EXERCISE INSTRUCTIONS → Whenever a line contains "dress", include it in the count; reply with the number of such lines in the data and nothing else.

(Recorded data)
= = =

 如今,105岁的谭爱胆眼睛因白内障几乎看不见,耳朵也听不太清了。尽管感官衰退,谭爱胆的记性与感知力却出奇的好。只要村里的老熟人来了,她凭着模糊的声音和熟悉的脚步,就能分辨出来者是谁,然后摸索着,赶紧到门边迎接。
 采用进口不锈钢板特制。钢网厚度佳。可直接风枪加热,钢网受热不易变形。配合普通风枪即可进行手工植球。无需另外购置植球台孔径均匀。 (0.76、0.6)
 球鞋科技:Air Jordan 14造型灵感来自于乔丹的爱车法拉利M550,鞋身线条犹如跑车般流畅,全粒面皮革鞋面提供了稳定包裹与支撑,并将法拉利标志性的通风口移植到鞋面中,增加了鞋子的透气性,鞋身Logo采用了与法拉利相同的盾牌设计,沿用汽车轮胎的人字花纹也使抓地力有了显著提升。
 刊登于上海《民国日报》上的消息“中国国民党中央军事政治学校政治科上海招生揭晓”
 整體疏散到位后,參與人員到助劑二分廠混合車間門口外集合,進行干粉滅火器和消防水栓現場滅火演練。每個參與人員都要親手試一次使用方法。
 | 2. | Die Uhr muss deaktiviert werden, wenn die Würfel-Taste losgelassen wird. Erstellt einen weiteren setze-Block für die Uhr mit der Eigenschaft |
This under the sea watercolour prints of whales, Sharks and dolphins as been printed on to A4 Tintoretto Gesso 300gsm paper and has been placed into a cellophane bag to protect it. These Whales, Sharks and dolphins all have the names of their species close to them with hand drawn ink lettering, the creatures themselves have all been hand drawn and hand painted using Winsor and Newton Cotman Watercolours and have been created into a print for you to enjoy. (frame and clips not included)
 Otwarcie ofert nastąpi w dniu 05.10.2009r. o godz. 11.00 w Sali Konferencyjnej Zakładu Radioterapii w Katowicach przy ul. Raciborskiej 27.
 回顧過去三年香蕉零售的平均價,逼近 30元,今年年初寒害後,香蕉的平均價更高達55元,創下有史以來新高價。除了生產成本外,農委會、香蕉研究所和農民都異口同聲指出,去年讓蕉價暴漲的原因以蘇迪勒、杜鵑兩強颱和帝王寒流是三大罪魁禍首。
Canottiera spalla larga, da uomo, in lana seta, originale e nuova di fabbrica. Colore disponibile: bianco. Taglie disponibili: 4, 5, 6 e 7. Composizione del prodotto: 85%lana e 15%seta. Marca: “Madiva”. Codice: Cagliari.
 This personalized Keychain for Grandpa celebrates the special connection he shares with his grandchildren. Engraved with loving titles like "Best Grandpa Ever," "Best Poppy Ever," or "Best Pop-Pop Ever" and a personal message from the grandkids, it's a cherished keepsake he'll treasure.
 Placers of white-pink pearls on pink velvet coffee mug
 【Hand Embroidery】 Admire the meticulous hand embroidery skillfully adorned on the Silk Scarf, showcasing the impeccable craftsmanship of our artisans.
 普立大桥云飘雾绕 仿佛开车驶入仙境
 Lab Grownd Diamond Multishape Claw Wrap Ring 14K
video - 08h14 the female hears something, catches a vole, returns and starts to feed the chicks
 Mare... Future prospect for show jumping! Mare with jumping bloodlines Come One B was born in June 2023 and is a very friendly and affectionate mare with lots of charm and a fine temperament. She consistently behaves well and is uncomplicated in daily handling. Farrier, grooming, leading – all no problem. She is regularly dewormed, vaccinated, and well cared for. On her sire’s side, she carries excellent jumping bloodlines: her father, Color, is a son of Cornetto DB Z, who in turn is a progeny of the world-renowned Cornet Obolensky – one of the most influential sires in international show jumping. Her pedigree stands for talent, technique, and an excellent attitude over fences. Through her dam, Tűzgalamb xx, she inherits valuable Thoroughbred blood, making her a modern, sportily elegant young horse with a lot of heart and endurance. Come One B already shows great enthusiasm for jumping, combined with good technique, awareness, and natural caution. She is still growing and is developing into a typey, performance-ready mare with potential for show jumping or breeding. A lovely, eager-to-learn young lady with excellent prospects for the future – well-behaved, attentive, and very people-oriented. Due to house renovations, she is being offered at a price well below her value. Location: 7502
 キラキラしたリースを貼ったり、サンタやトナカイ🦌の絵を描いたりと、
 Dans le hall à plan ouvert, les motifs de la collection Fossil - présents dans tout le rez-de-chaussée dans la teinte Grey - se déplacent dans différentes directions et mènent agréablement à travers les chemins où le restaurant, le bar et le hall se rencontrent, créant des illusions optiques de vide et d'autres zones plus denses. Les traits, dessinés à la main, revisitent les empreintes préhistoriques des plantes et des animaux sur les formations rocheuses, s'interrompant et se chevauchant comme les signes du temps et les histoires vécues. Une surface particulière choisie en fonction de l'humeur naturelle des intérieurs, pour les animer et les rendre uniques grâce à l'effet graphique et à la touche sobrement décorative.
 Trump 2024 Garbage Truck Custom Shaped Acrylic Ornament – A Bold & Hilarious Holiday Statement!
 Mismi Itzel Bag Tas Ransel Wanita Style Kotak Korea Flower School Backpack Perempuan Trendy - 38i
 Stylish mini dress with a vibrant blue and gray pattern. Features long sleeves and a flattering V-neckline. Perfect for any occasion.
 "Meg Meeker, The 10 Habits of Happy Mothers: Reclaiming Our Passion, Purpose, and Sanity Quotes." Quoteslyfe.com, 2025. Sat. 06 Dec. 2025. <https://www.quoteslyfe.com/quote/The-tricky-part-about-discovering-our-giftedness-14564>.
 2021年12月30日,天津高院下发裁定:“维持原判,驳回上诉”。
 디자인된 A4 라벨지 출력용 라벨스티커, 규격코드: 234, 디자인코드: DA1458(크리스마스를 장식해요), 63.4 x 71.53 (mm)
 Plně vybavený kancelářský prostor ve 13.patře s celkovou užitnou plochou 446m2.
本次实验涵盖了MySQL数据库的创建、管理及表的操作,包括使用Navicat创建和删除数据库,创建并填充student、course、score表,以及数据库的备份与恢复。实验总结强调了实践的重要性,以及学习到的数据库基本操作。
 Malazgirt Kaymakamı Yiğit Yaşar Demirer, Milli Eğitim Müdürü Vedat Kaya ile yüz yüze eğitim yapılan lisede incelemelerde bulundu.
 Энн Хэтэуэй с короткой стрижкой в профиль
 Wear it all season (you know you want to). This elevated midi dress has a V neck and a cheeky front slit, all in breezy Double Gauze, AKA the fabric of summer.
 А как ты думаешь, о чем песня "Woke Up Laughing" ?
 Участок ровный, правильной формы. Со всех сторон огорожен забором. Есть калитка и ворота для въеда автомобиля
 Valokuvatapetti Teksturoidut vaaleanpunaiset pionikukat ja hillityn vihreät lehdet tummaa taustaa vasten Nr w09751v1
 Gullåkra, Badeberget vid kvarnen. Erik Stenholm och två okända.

= = =

RESPONSE FOR THIS EXERCISE → 2